[DATA PROVIDED]

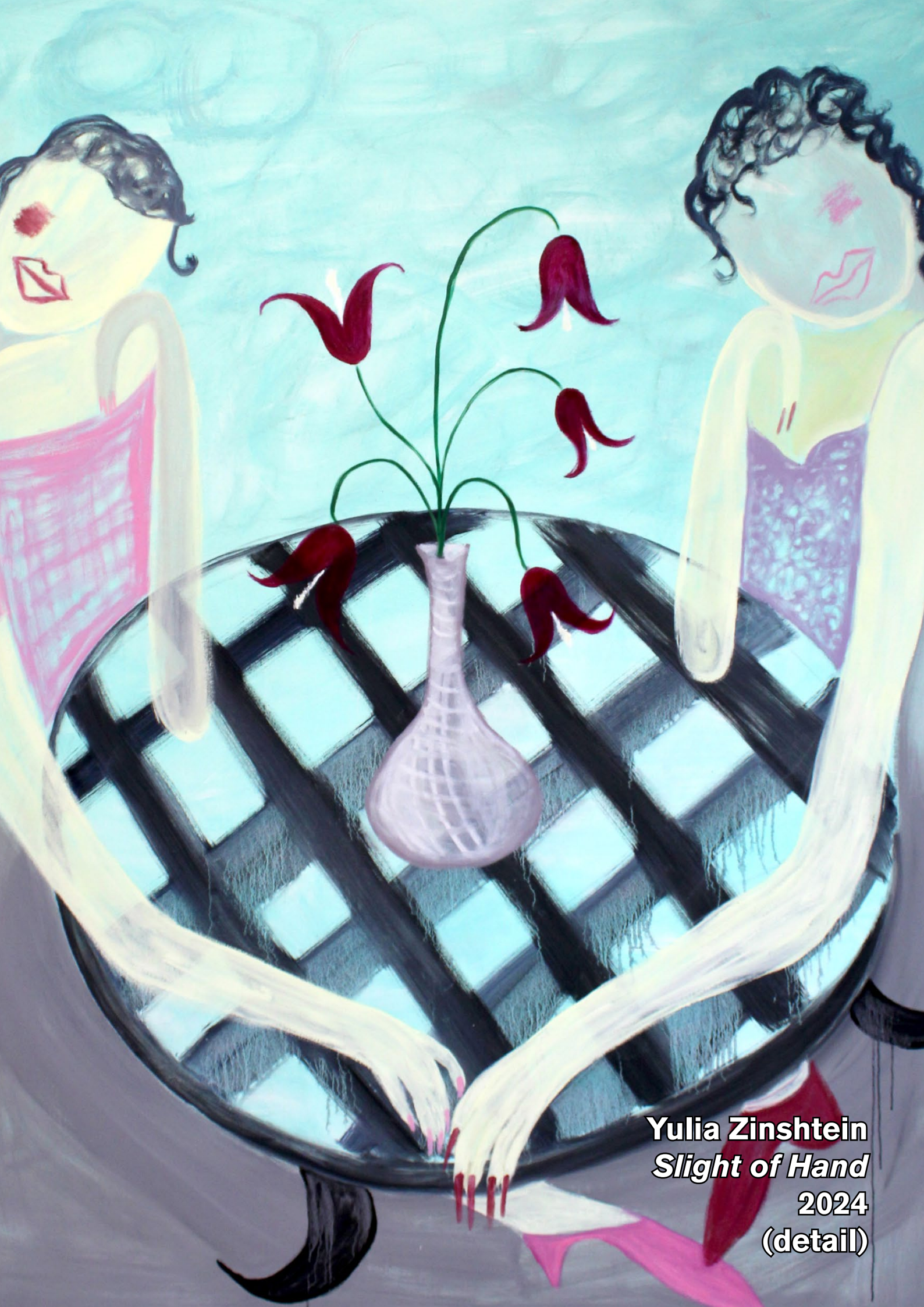
Yulia Zinshtein Slight of Hand 2024 (detail)
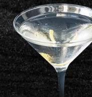
DRY MARTINI 16.98 Gin, Dry Vermouth
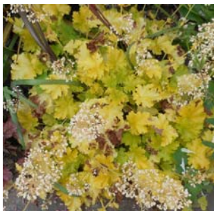
Heuchera 'Lime Rickey'

Unlike the usual green variety, the smaller shrub Skimmia 'Magic Marlot' with pink flowers (pale green and cream leaves) is a firm favourite even though it is slow growing, and if you want a perfumed evergreen you need Daphne in your border ( alias Daphne odorata ). If you can get 'Margery Postil' she's the

[/DATA PROVIDED]

## YOUR OBJECTIVE
Although the material contains pictures, only the lines are to be written out, exactly as they stand.

## RESULT BELOW
Yulia Zinshtein Slight of Hand 2024 (detail)
DRY MARTINI 16.98 Gin, Dry Vermouth
Heuchera 'Lime Rickey'

Unlike the usual green variety, the smaller shrub Skimmia 'Magic Marlot' with pink flowers (pale green and cream leaves) is a firm favourite even though it is slow growing, and if you want a perfumed evergreen you need Daphne in your border ( alias Daphne odorata ). If you can get 'Margery Postil' she's the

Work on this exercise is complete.